UK Nonlinear News Review

Theoretical Aspects of Pattern Formation

Alastair Rucklidge

The workshop Theoretical Aspects of Pattern Formation was held from 19-23 September 2005 at the University of Surrey as part of the Isaac Newton Institute Programme on Pattern Formation in Large Domains. The workshop enjoyed support from the London Mathematical Society and from EPSRC, and one day (Tuesday 20 September) was sponsored by the Institute of Advanced Studies (U Surrey), and was aimed at a broader audience with the goal of surveying the state-of-the-art in the field and outlining promising future directions.

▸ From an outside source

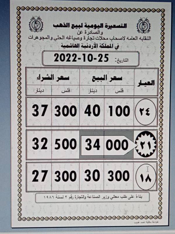 وبلغ سعر غرام الذهب 21 الأكثر رغبة لدى المواطنين عند 34 دينارا للشراء ، و 32.50 دينارا لغاية البيع لمحال الصاغة.

The workshop programme consisted of 19 lectures and 7 posters, covering a broad range of applied, pure, and experimental topics. Among the presenters were experimentalists and theoreticians, applied and pure mathematicians, physicists as well as chemists. Briefly, the talks covered aspects of patterns in convection (including rotating convection, the effects of thermal noise at the onset of convection, and the skewed-varicose instability), flows in thin films, Faraday waves, spiral patterns in plant growth, patterns in excitable media and reaction-diffusion problems, patterns in the formation of bacterial colonies, dynamics of the motion of spirals, patterns leading to intermittent dynamics, spatio-temporal chaos and coarsening, dynamics of defects in 2D patterns, patterns in turbulent flows, the long-time behaviour of solutions 2D and 3D Navier-Stokes equations, robustness of coherent structures such as spiral waves, and a topological perspective on the existence and stability of localised solutions in pattern formation on the plane, where the presence of more than one unbounded direction is known to cause difficulties. Most of the talks presented at the workshop are available on the web.